Random Oracle to prove an Authenticated DH protocol

I am trying to understand how they use the random oracle to solve the CDH. For example, in the security proof on page 7 of the following paper; A Lightweight Message Authentication Scheme for Smart Grid Communications, Fouda et al. 2001. The authors used a random oracle to break the security of an authenticated DH protocol. They assumed an adversary who can break the semantic security of the shared key and used this adversary along with a random oracle to solve CDH.

  1. to my understanding a random oracle is like a hash function where the input is a random string and the output also is another random string, so how can we use to solve the CDH;
  2. in the paper, they gave the adversary a tuple $(g, g^a, g^b)$ and allowed him to make a query to the random oracle. Then, they tracked the queries to the random oracle to monitor of $g^{ab}$ was queried. But Why would the adversary query g^ab to the random oracle? Is it part of the game?


Answers to your questions:

1) Random oracle - is a replacement for hash-function. Its input is any bitstring, and output - random string. In some sense - it's an ideal hash-function. But in order to evaluate it, you (attacker) need to explicitly ask the oracle.

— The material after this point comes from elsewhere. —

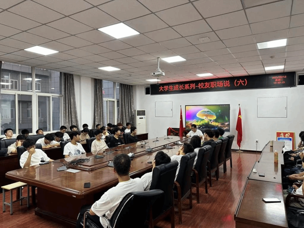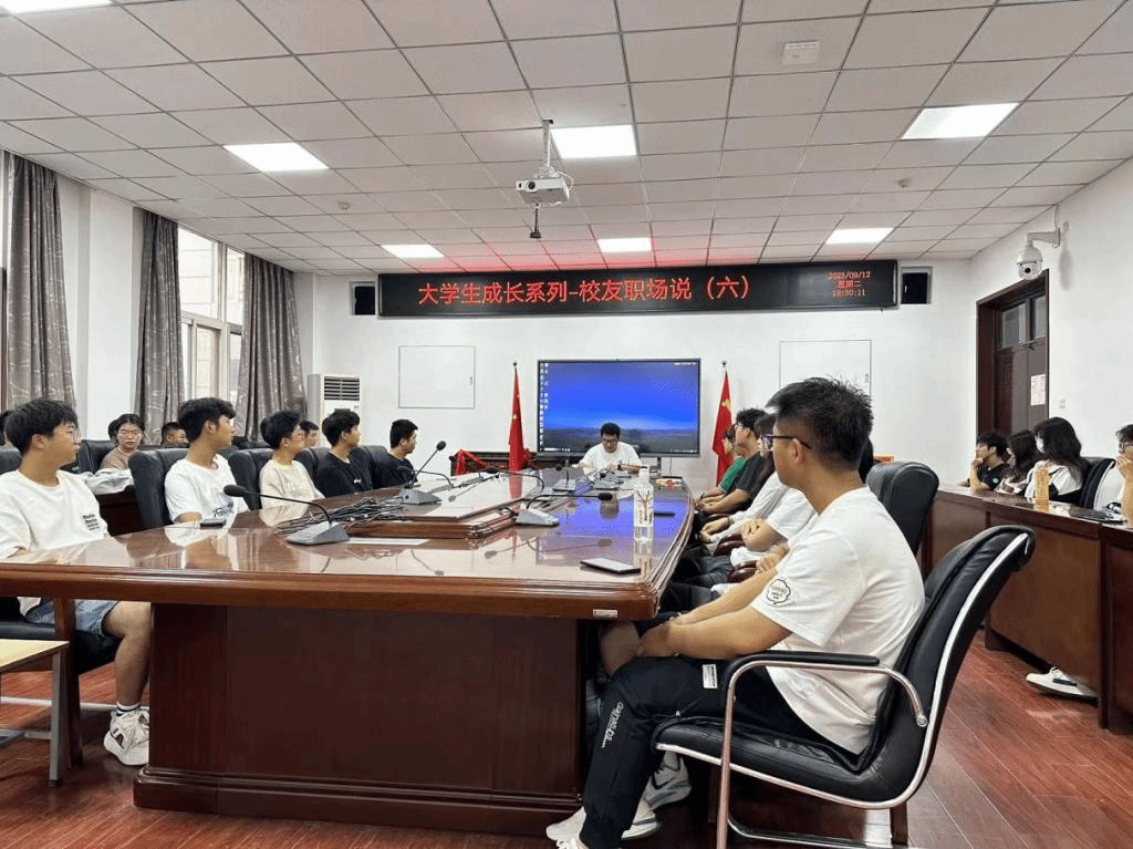 在工2—310举办了学生成长系列活动第六讲——校友职场说。本次讲座由校友张联峰主讲,王浩文主持,学院2021级、2022级学生代表共同参加。

2) "Why would the adversary query g^ab to the random oracle. Is it part of the game?" - no, adversary of course isn't obligated anything for you, and it isn't obligated to ask ROM for $g^{ab}$. But, easy to see, that if the attacker didn't ask oracle for $g^{ab}$, he has only a negligible probability of success. In the article it's simply expressed as "has no idea on the session key"; it's indeed true - recall that oracle will return some random string for this input, regardless of all previous actions/queries of the attacker. While it's not a rigorous mathematical statement, it still correctly describes what happens.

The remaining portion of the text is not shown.